Glial Responses to Developmental Alcohol Exposure
In the developing brain, some neurons normally die by programmed cell death (apoptosis), and nearby microglial cells rapidly engulf and clear these apoptotic cells. Microglial clearance of dead cells is facilitated by their motility, and developmental changes in microglial motility during the so-called brain growth spurt correlates with developmental levels of apoptosise. However, neuronal cell death in the developing brain can be greatly exacerbated by acute or chronic exposure to external toxins. Alcohol is one such widely used toxin. Indeed, alcohol abuse during pregnancy often leads to devastating conditions known as Fetal Alcohol Spectrum Disorders (FASDs). Even a single high blood alcohol event during development can induce the death of many vulnerable neurons in the developing rodent brain. Although recent evidence suggests that neuroinflammation may exacerbate the neural injury, the roles that microglia play in this process remain poorly defined. Working with collaborators (Drs. Bahri Karacay and Daniel Bonthius) in the Pediatrics and Neurology Departments in the Carver College of Medicine, we have been investigating the response of microglia to developmental alcohol exposure in a rodent model of FASD. In a recent study, graduate student Kate Ahlers from our lab showed that microglial activation following alcohol exposure in developing mice scales with the level of alcohol, sometimes leading to a proinflammatory state, and that this is a response primarily to the apoptotic neuronal injury and not the alcohol itselff. Activated microglia contribute significantly to the removal of apoptotic neurons before reverting back rather quickly to a surveillant state. These studies highlight the amazing plasticity of microglia in the developing brain and raise further questions about the molecular mechanisms controlling microglial activation and deactivation.

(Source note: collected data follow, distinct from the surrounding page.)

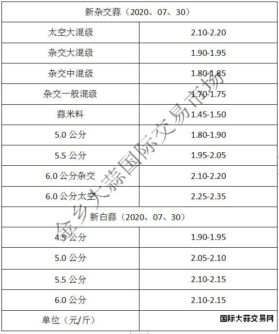 当前杂交大混级1.90-1.95元/斤,中混级1.80-1.85元/斤,一般混级1.70-1.75元/斤,蒜米料1.45-1.50元/斤,太空大混级:2.10-2.20元/斤,5.0公分1.80-1.90元/斤,5.5公分1.95-2.05元/斤,6.0公分杂交:2.10-2.10元/斤,6.0公分太空2.25-2.35元/斤,价格暂稳,本地蒜有2-3分偏强表现,外围蒜小幅走低(不含极端格)。
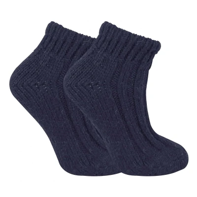 Sock Snob Ladies Chunky Knit Winter Warm Ribbed Low Cut Wool Blend Ankle Boot Socks (4 8 uk, 04 Navy)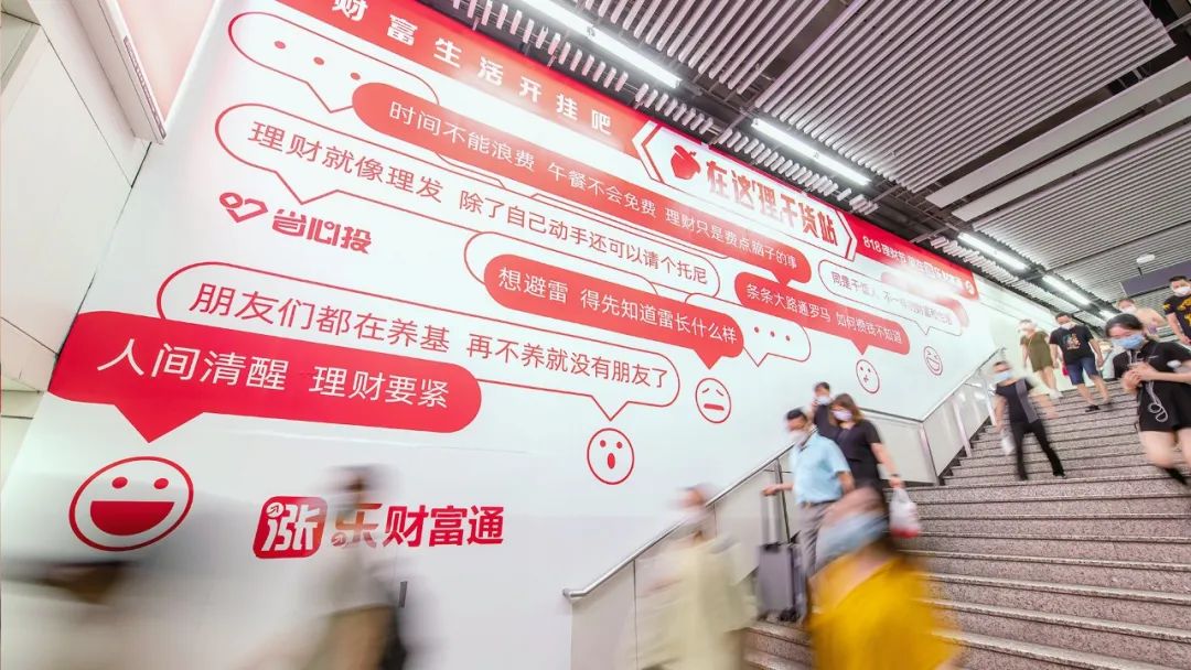 其实很多金融企业都在尝试去做,但真正的挑战在于如何将专业的内容通过用户感兴趣的方式去进行有效的沟通。近期,华泰证券涨乐财富通推出以“818理财节就在涨乐财富通”为主题的一波创意营销为大家呈现不一样的投资理财互动新体验。涨乐财富通邀请11家基金公司与5家上市公司等生态伙伴跨界宣推,通过财富市集、地铁站等用户日常接触的高频场景,创新性地传播理财投教理念,在收获较多参与和良好反向的同时,也强化了涨乐财富通年轻、创新、活力的品牌形象。

e. Eyo U, Miner S, Weiner JA, and Dailey ME (2016) Developmental changes in microglial mobilization are independent of apoptosis in the neonatal mouse hippocampus. Brain, Behavior, and Immunity 55:49–59.

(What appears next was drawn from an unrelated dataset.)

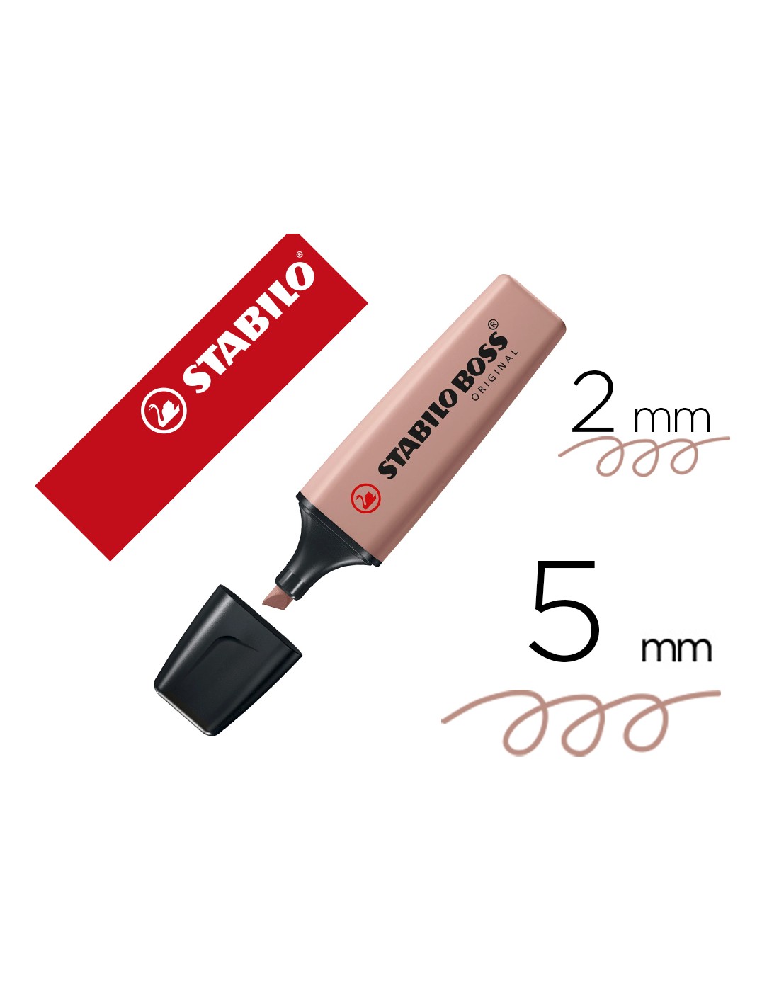Rotulador fluorescente Stabilo Boss Original Pastel Nature Colors. Antisecado, hasta 4 horas destapado sin secarse para poder concentrarse en el trabajo. Resistente a la luz en todo tipo de papel normal, térmico y fotocopias. Punta biselada. Trazo de 2 a 5 mm. Color ocre oscuro.

f. Ahlers KE, Karaçay B, Fuller L, Bonthius DJ, and Dailey ME (2015) Transient activation of microglia following acute alcohol exposure in developing mouse neocortex is primarily driven by BAX-dependent neurodegeneration. Glia 63(10):1694–1713. PMID: 25856413.
Microglia and Pesticide Exposure
Other environmental toxicants likely also affect brain glial cell function, either directly or indirectly, and this impacts the brain's development, physiology, and response to injury. For example, pesticide exposure during pregnancy may induce a neuroinflammatory state, mediated in part by microglia, which may in turn increase risk for neurodevelopmental disorders including autism. In a new line of research funded by the National Institute for Environmental Health Sciences through the University of Iowa Environmental Health Sciences Research Center (EHSRC; NIEHS/NIH P30 ES005605), we are working with collaborators in the Colleges of Pharmacy (Dr. Jonathan Doorn) and of Public Health (Dr. Hans-Joachim Lehmler) to better understand how glial cells respond to pesticides. We are exploring the general hypothesis that pesticide-induced activation of glial cells leads to a proinflammatory state that induces or exacerbates neuronal injury. Understanding the underlying molecular mechanisms may lead to therapeutic interventions to promote neuroprotective glial functions that abrogate cytotoxic effects in developing brain tissues.
Together, these studies are focused on elucidating the complex biology of brain glial cells, with the goal of better understanding how glial cells contribute to brain development and pathology. Ultimately, we aim to translate these findings to treat human neuropathological conditions and promote healthy brain development and function.